GOAL OF THE EXERCISE:
Look through the data below and output, unchanged, every line from the one holding "- Scientific Calculator" through the one holding "A fine Art Deco", inclusive. Skip the pictures.

GIVEN RECORDS:
+ + + + + + +

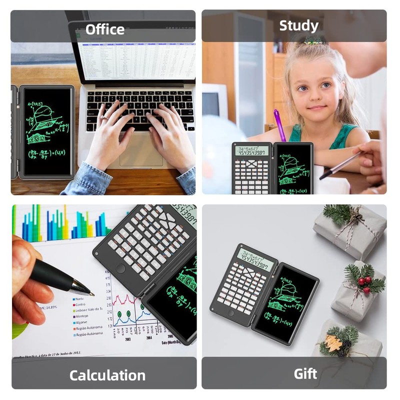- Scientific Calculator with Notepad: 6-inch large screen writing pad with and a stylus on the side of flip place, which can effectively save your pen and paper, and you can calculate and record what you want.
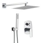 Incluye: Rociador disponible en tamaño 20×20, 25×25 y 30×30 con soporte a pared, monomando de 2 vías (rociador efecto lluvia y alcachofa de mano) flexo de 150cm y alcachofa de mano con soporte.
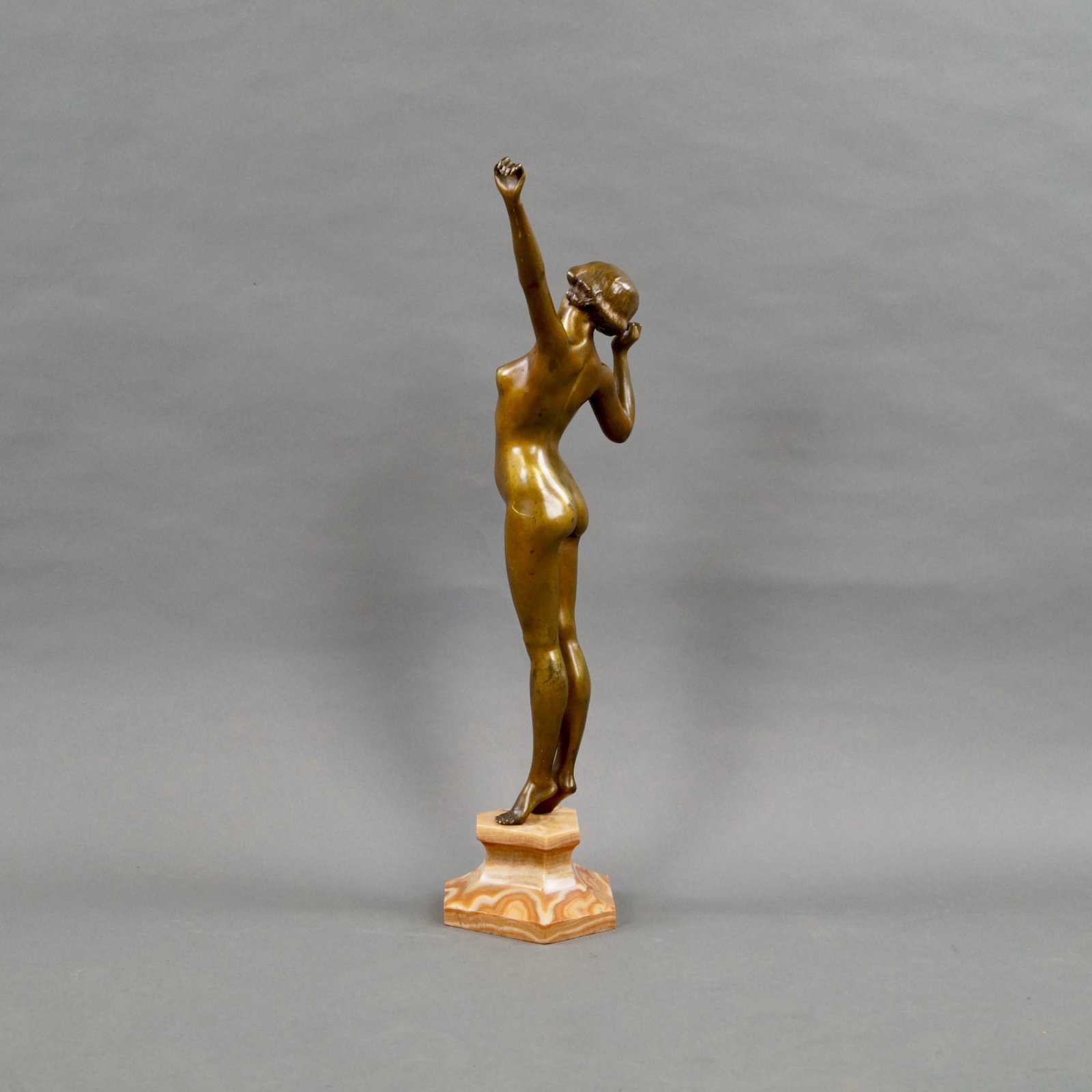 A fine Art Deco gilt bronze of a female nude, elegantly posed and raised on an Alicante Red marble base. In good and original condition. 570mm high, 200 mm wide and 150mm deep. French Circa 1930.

+ + + + + + +

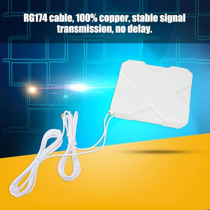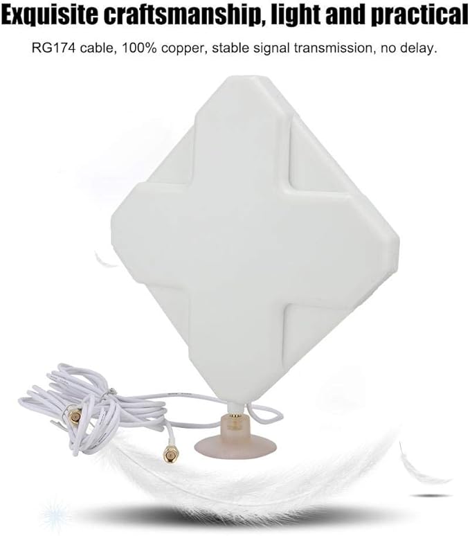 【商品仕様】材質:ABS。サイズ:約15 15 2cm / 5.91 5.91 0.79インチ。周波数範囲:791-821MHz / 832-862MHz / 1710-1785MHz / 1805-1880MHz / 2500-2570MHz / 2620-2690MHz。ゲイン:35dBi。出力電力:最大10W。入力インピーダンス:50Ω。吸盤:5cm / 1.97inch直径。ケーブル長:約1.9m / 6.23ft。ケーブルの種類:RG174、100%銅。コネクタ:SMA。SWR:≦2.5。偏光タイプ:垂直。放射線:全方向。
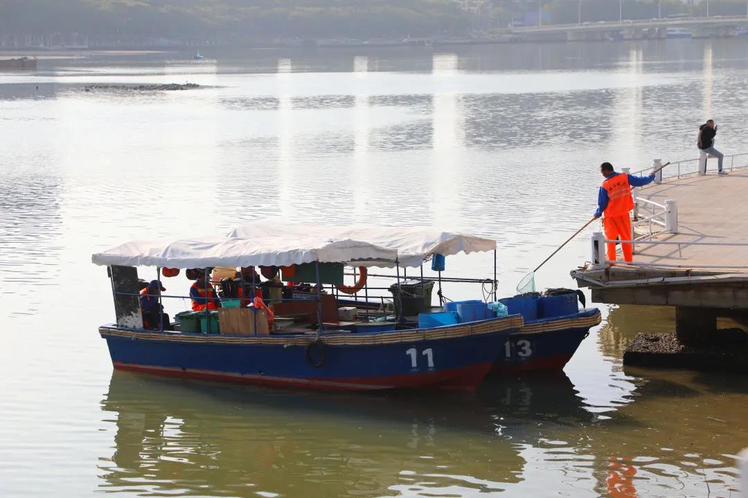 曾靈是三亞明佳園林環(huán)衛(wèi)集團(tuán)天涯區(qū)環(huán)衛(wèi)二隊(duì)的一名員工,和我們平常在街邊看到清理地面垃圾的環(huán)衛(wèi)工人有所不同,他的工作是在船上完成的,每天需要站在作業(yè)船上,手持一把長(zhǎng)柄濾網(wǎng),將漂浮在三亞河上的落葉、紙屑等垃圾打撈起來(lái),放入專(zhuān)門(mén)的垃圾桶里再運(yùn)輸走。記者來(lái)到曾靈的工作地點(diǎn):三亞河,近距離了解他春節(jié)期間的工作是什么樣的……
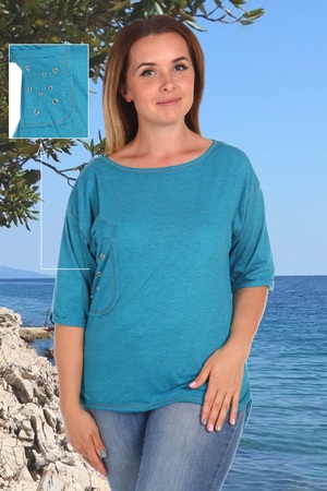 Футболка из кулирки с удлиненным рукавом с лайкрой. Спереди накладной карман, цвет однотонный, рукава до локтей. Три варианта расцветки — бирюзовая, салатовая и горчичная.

+ + + + + + +

ANSWER FOR THE TASK:
- Scientific Calculator with Notepad: 6-inch large screen writing pad with and a stylus on the side of flip place, which can effectively save your pen and paper, and you can calculate and record what you want.
 Incluye: Rociador disponible en tamaño 20×20, 25×25 y 30×30 con soporte a pared, monomando de 2 vías (rociador efecto lluvia y alcachofa de mano) flexo de 150cm y alcachofa de mano con soporte.
 A fine Art Deco gilt bronze of a female nude, elegantly posed and raised on an Alicante Red marble base. In good and original condition. 570mm high, 200 mm wide and 150mm deep. French Circa 1930.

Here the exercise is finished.